Представим человека, у которого заболело горло. Он принял антибиотик. Горло прошло через день, зачем травиться? Бросил. Что случилось? Колесико провернулось на одно деление. Следующий человек, который заразился этой же бактерией, принимал антибиотик уже два дня, следующему пришлось принимать уже недельный курс — и т. д.

На фермах патогены встречаются с почвенными бактериями. Химическая война в почве происходила всегда, но раньше патогены никогда не встречались с антибиотиками, у них не было этого фактора отбора. Теперь же в результате горизонтального переноса генов, когда один вид бактерий может получить ДНК другого, получился биореактор — ровно те условия, которые нужны, чтобы вырастить лекарственно-устойчивый штамм. В результате растет доля заболеваний, вызванных такими бактериями.


У этого явления есть и экономическое следствие: разработка антибиотиков становится невыгодной.

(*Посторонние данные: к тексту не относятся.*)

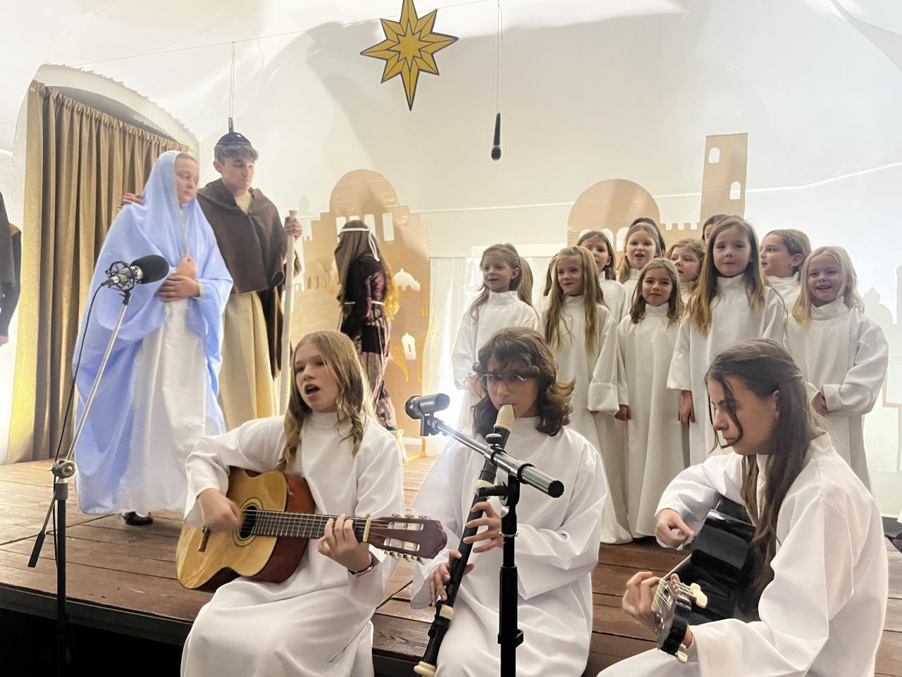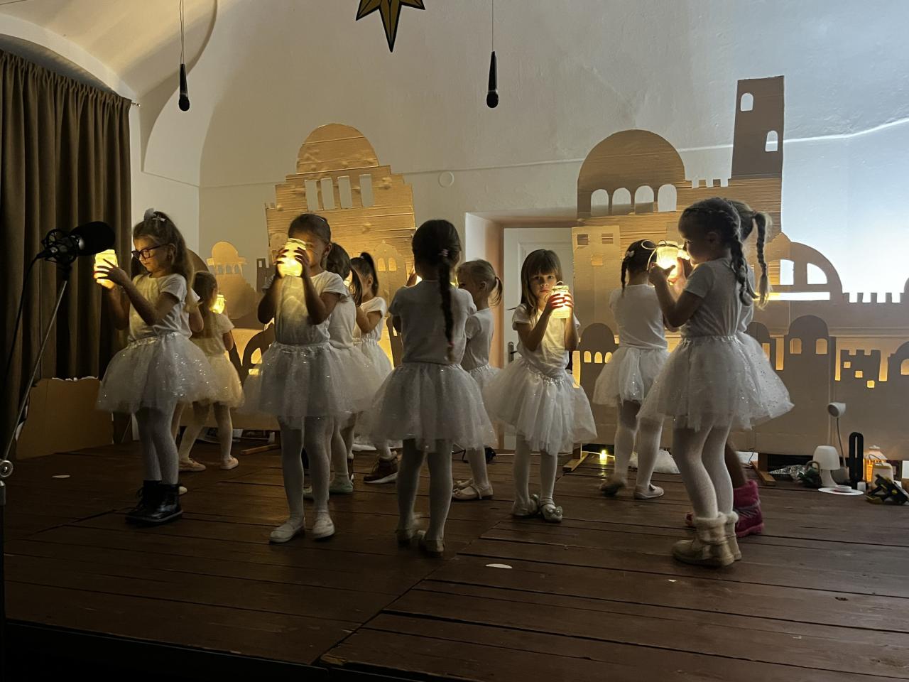 Žiaci z Cirkevnej základnej školy sv. Martina odohrali jedinečný príbeh plný udalostí okolo narodenia Ježiška v betlehemskej maštali. Svojich rodičov, starých rodičov a všetkých divákov naladili na predvianočnú atmosféru. Na pódiu sa predstavili aj deti navštevujúce tanečný odbor SZUŠ Altamira. Po prvý krát si prenos z predstavenia mohli pozrieť účastníci podujatia aj vonku pred kaštieľom, ktorý zabezpečila CZŠ sv. Martina. Súčasťou podujatia bola opäť burza vianočných dekorácií. Po skončení programu už na všetkých čakala kapustnica, vianočný punč a koledy v podaní Radačianky a Hájenky.

Затраты на их разработку колоссальные, а время жизни антибиотиков, когда они действительно работают и когда их покупают, не очень большое. В результате количество новых антибиотиков, введенных в клиническую практику, уменьшается год от года. В 1990 году фармкомпаний, которые занимались антибиотиками, было 18, в 2011 году их было уже только четыре.

Рак как эволюционный процесс

Рак на самом деле тоже эволюционная болезнь. Каждая опухоль неоднородна, разные клоны раковых клеток соревнуются за ресурс, которым является организм человека, заболевшего раком. В разных клонах происходят разные мутации, и быстрее всего делящийся клон становится большинством в опухоли. Это описывается классическими эволюционными построениями. Можно сравнить картинку из обзора 1965 года (просто про отбор) и изображение из обзора 2006 года (про отбор в раке). Прошло 40 лет, но, кроме цвета, они ничем не отличаются.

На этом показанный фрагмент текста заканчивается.